= Marta Schuhmacher =

Professor and Researcher of Environmental Technology

Marta Schuhmacher is a distinguished professor of environmental technology at the Department of Chemical Engineering at Universitat Rovira i Virgili, Tarragona, Spain. She is known for her work linking the presence of chemicals with environmental and human health issues.

== Career ==
Schuhmacher did her degree in Chemistry (1976), and received a B.Sc. in 1991 from UNED, and completed her Ph.D. in 1990 from University of Zaragoza, Spain. Later, she also did a master's in engineering and environmental management from School of Industrial Organization, Ministry of Industry and Energy, Madrid, Spain (1995).

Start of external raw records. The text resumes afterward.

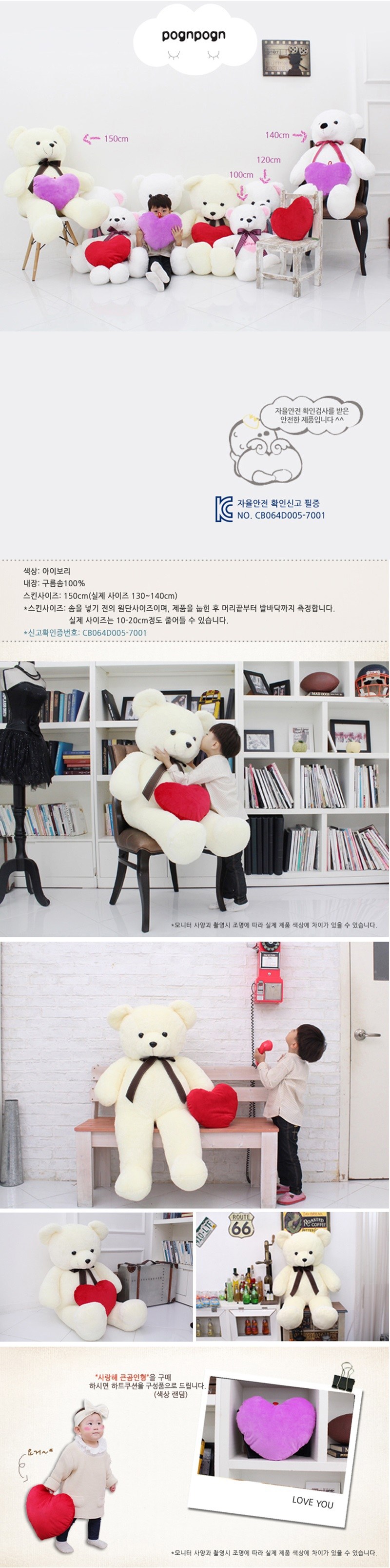 | 품명 및 모델명 | [포근포근]초대형 150cm 자이언트 사랑해 큰곰인형 + 하트쿠션 |
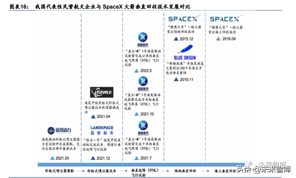 火箭垂直回收技术方面,我们认为相较于 SpaceX,我国至少落后 9 年。SpaceX(未上 市)于 2015 年、2016 年先后掌握运载火箭陆地垂直回收和海上垂直回收技术,2021 年 至今共成功回收火箭 52 次并创下同一运载火箭 13 次回收复用记录,远远领跑于世界。而 我国民营企业火箭垂直回收技术仍在探索阶段,2022 年 5 月深蓝航天(未上市)研发的 “星云-M”1 号试验箭完成了公里级垂直回收飞行试验,这是目前国内开展的飞行高度最高、 速度最快、时间最长的垂直回收飞行试验。下一阶段,深蓝航天(未上市)将采用与入轨 火箭相同的全尺寸试验箭进行 10km、100km 高空回收试验,并计划在 2024 年底前实现 中国可回收运载火箭的商业化运行。我国在火箭垂直回收技术方面整体发展加快,但和 SpaceX 仍存在较大差距,我国可回收运载火箭的研制将落后 SpaceX 至少 9 年。
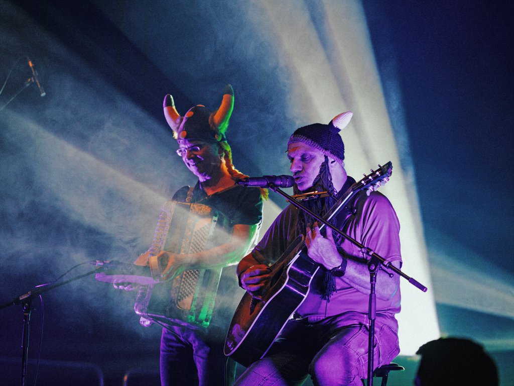 „De Wind secht Maria“ spielen Dorfrock. Das Original stammt von ihren großen Vorbildern, von Torfrock. Die plattdeutsche Hymne ist eine Verballhornung von „The Wind Cries Mary“ von Jimi Hendrix. Dorfrock sind Michael Beitzen und Christoph Janott. Die beiden machen seit 20 Jahren in unterschiedlichen Bands Musik und begrüßen das „hört! hört!“-Publikum mit einem kräftigen Moin! Sonst spielen sie eigentlich nur an Silvester im Freundeskreis so zusammen. (Foto: Till Schellenberger)
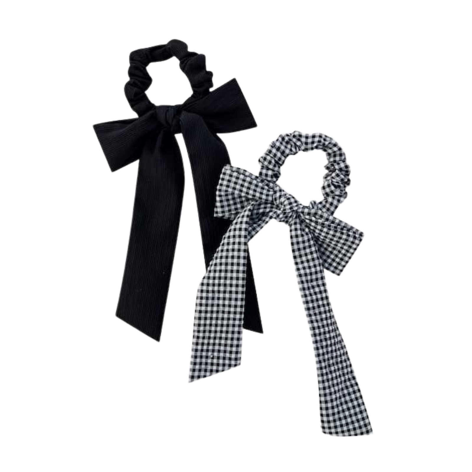 Add a touch of vintage charm to your ponytail with this classic gingham scrunchie. Featuring a black and white checkered print and long, flowing ribbon tails, it’s the perfect accessory for a picnic date or a cute casual outfit.
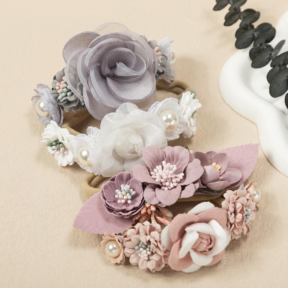 Diadema de nailon para niños de venta caliente transfronteriza Estilo europeo y americano Hecho a mano Simulación Combinación Flor Accesorios para el cabello Flor para bebé Diadema para bebé
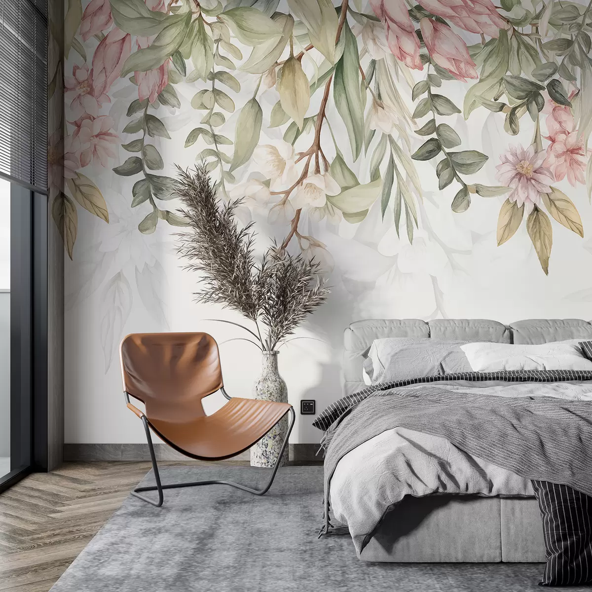 Murais de parede Flores delicadas rosa e brancas com folhas e caules verdes sobre um fundo claro Nr. w08222
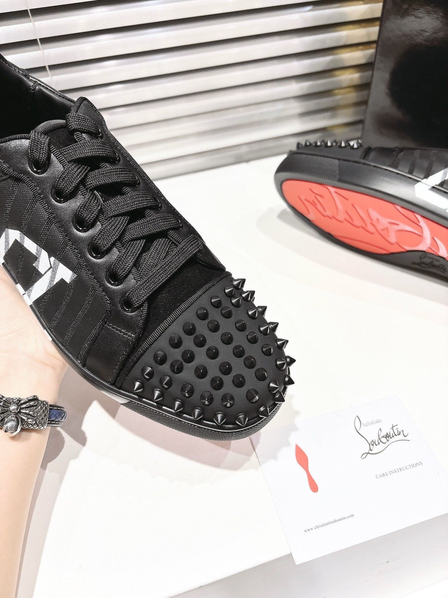 CL 25 Stud Print Sneaker Black Fabric Leather 323161
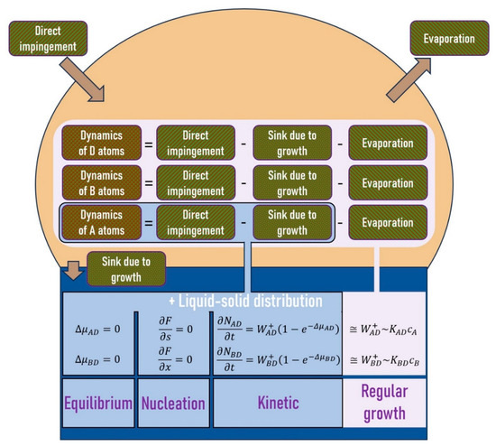 The majority of existing models are based on a combination of the material transport of atoms into the droplet and the specific regime of atom incorporation into the solid phase. The dynamics of atoms in the catalyst droplet are governed by the competing processes of the incorporation of atoms into the nanowire, evapouration from the droplet, and atomic influx due to direct impingement, diffusion, and re-emission. Typically, all three influxes are combined in one arrival rate of a given element. Depending on the regime of the incorporation of atoms (or pairs) from a liquid to a solid, the models describing the growth of nanowire heterostructures can be categorized into four types: equilibrium, nucleation-limited, kinetic, and regular growth models (Figure 2). Strictly speaking, the last one is a particular case of the kinetic model under high enough supersaturations of liquid with respect to a ternary solid. In this case, one can neglect the rejected fluxes because they are much smaller than the diffusion fluxes into the island. The nanowire elongation rate depends on the concentrations of A, B, and D elements and changes over time. As a result, one should solve the system of equations describing the evolution of the number of atoms that constitute the nanowire. This corresponds to the large pink box in Figure 2. However, the assumption of time-independent nanowire growth rate allows one to simplify the analysis and consider only the dynamics of A atoms (corresponds to the small blue box in Figure 2). In modelling the growth of nanowire heterostructures based on a group III interchange, the evapouration of A and B atoms from the droplet can often be neglected.

She has been teaching at DEQ since 1993, and in 2009, she became a professor or Catedrática. Since 2015, she has been a distinguished professor at the University of Rovira i Virgili. She served as the director of the AGA Research Group (Environmental Analysis and Management) of the Chemical Engineering department of the Rovira i Virgili University and the Tecnatox center till 2023. As of 2024 she is a full professor of environmental technology at the Universitat Rovira i Virgili.

== Research ==
Schuhmacher is known for her work in examining pollution, specifically suspended particulate matter, in schools. She has also examined the presence of microplastics in marine systems, and compared models used to define toxicity. Schuhmacher has focused on the development of techniques for risk assessment, and their application to new and emerging chemical compounds, and very particularly to that of mixtures.

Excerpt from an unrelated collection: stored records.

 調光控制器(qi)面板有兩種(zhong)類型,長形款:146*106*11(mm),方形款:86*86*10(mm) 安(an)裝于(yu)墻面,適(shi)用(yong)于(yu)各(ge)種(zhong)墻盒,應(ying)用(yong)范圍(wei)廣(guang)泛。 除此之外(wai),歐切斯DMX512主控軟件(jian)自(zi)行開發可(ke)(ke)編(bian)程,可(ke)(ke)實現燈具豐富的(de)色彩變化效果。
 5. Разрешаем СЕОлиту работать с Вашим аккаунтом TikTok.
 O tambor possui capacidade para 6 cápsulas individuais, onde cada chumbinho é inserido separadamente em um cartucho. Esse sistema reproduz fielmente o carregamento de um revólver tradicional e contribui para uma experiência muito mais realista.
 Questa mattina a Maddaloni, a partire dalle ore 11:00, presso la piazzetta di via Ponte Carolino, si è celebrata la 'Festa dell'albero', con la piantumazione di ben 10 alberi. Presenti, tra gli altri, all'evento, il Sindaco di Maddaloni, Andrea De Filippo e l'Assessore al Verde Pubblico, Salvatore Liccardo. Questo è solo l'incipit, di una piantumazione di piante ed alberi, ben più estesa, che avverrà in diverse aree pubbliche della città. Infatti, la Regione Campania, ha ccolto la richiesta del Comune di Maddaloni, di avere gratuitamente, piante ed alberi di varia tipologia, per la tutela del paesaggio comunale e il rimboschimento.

== Selected publications ==
- Sonnemann, Guido (2004). "Integrated life-cycle and risk assessment for industrial processes"
- Rosenbaum, Ralph K. (2008). "USEtox—the UNEP-SETAC toxicity model: recommended characterisation factors for human toxicity and freshwater ecotoxicity in life cycle impact assessment"
- Karri, Venkatanaidu (2016). "Heavy metals (Pb, Cd, As and MeHg) as risk factors for cognitive dysfunction: A general review of metal mixture mechanism in brain"
- Schuhmacher, Marta (2004). "Pollutants emitted by a cement plant: health risks for the population living in the neighborhood"

== Awards and honors ==
Schuhmacher received recognition with the President Macià Work Medal in 2023.